With all this at stake, it's easy to understand why the UGA Extension Service utilizes its statewide team of county agents to deliver educational information to homeowners and the turf grass industry. They certify pesticide applicators through hours of training throughout the state, teach Master Gardener sessions to thousands of eager gardeners, interpret many thousands of soil samples from lawns and gardens, and answer questions from concerned clientele throughout the growing season. A digital diagnostics system has placed a computer and digital camera in nearly 100 county extension offices to allow for quick diagnosis of insect and disease problems on lawns, gardens and crops (see Behind the Scenes).

This pervasive system extends the reach of the UGA turf team from back yards across Georgia to research plots around the world. Both of Duncan's new paspalum varieties are in the final stages of licensing globally, with possibly 15 to 20 licenses to growers in the United States and many more in Europe, Japan and Australia.

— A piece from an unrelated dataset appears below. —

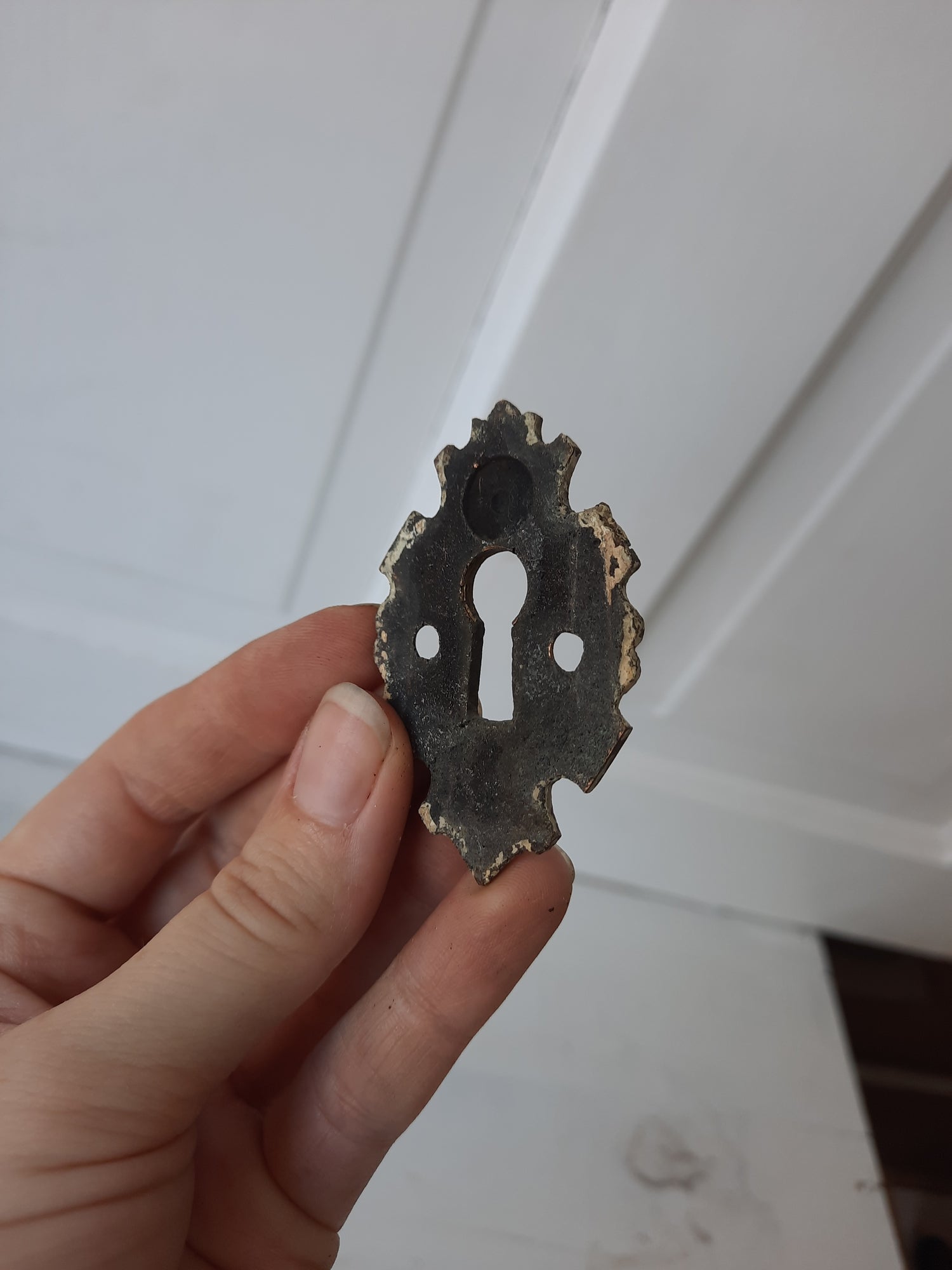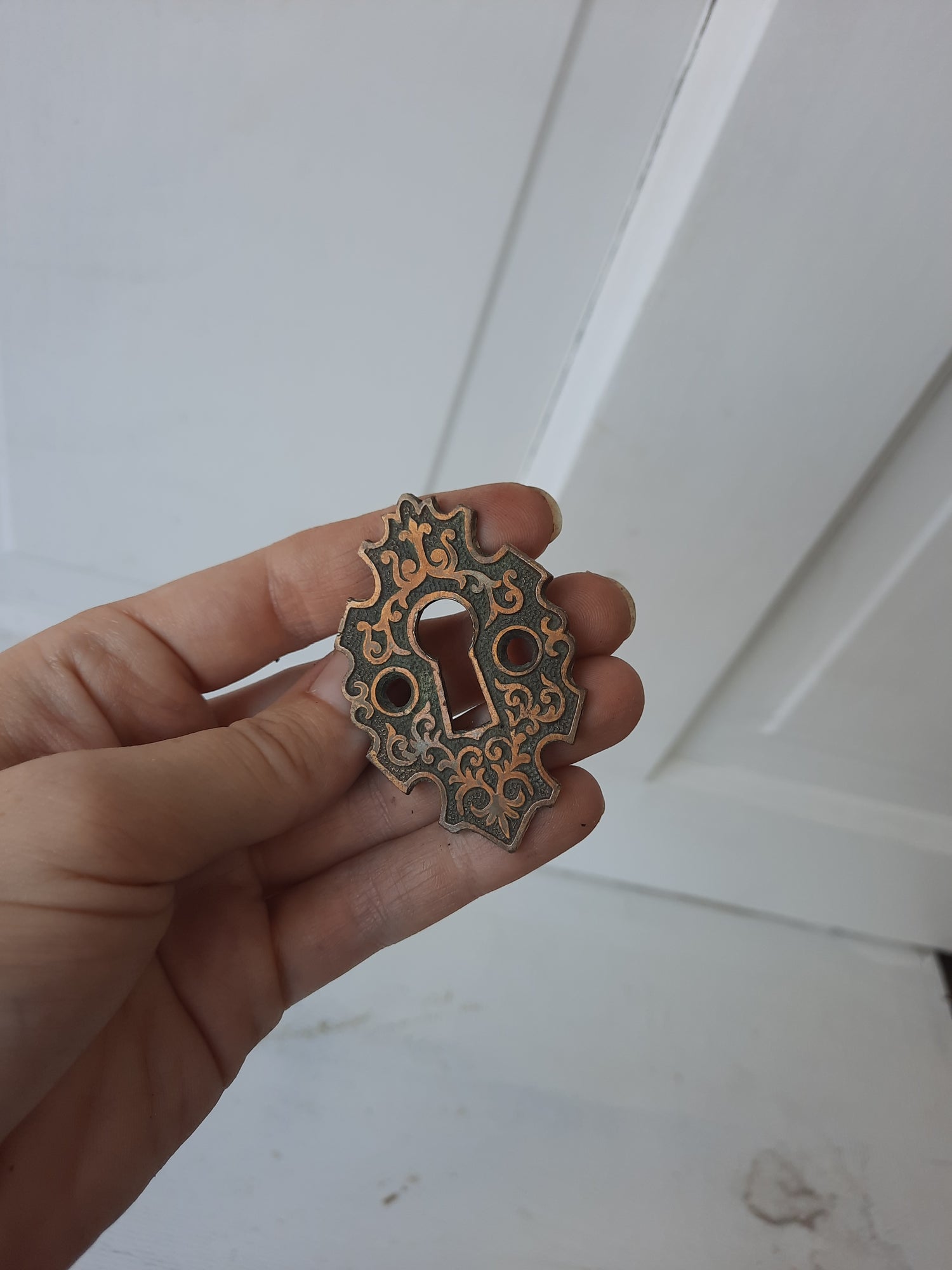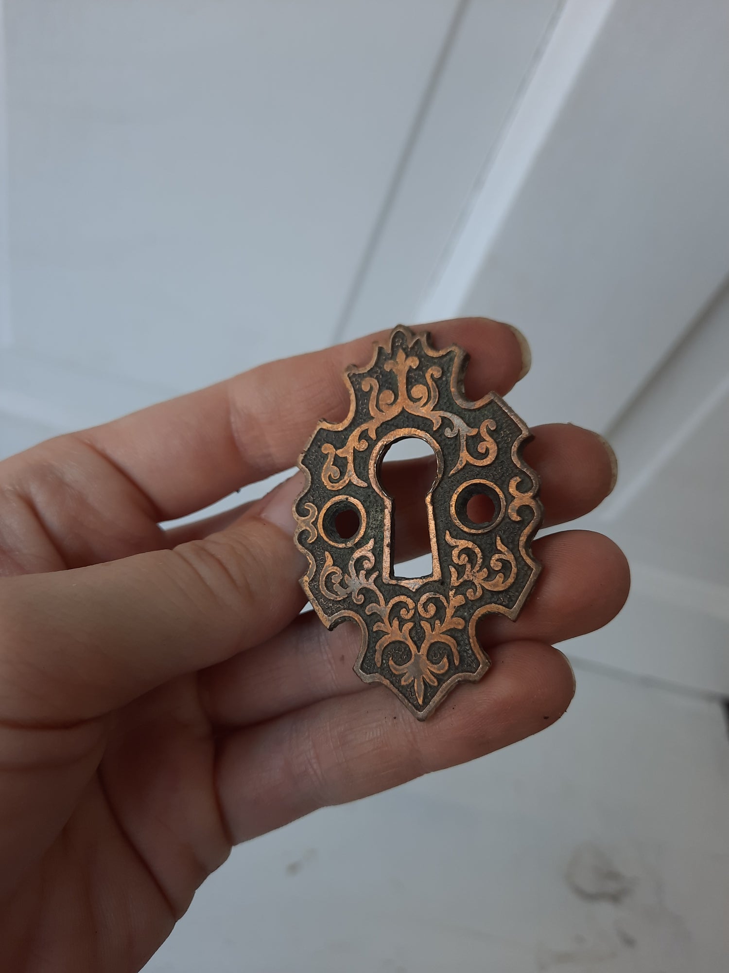 An ornately designed, delicate brass key hole cover with a gorgeous aesthetic design across the face. This is a perfect finishing touch for a door restoration, but would also make a beautiful jewelry piece.

This species is propagated vegetatively, not through seed.

"In 1995, we had some indication these two paspalums would be the best in our tests so we went to one stolon - one vegetative piece of material. Everything I now have is from that one single plant part," Duncan said. "To see how genetically stable it is, we can trace every bit to this one source with a DNA profile.

"That's what sports people want," he said. "They don't want its ugly cousin showing its face on their course or sports field."

These demanding clients are feeling different pressures than they did when Bermuda grasses were being developed.

"Hybrid Bermuda grass was king when water and fertilizer were cheap," Duncan said. "It was so much better than common Bermuda grass. It took over sports, landscapes and the golf industry. It made turf grass a global household name.

"Now fertilizer is expensive, people are concerned about excess nitrogen and phosphorus, and they want to reduce pesticides because of environmental concerns," he said. "Things are changing. Water and environmental concerns are dictating the need for something new without sacrificing sports performance or appearance."

Establishing a new warm-season grass in the home of hybrid Bermuda grass has been a challenge. Duncan asks golf course managers to give the paspalum a try in the problem areas: wet, boggy land; environmentally sensitive zones; and places where the grass is under stress.

"Get it established and let the grass take care of itself," he said. "This grass hates high nitrogen so we have to get them to cut back. Now we're getting them to try it on whole practice greens. Once they see it and play on it, that's the deciding factor. Once they get in tune with minimal management, they get excited."

Paspalum also has potential for bioremediation projects, in reclamation of contaminated or problem soil. It has been used successfully in South Africa to reclaim mining areas. Research is ongoing with the Savannah River Plant in Aiken, S.C., where nuclear materials have been produced.

Sports fields put the paspalums to a tough test under football, soccer and baseball cleats. Duncan said he had hoped interest would build slowly in this area; instead, inquiries are coming in fast - even from domed stadiums, where safety concerns are pushing plastic and acrylic turfs off the field. Zoysia grass does well in domes but it is slow to recover after a game. Bermuda grass requires full sun. Paspalum's low light requirements, quick recovery and minimal maintenance make it attractive for sports.

"We put it on a YMCA soccer field in Hinesville and a high school practice football field near Peachtree City," Duncan said. "We turned the kids on the fields to see how it would do."

The researchers speculate that there will be a reduced amount of knee injuries and fewer abrasions, he said. The team built a sports research field in Griffin to show coaches exactly what it can do. "Show-and-tell is worth all the slides and talks in the world."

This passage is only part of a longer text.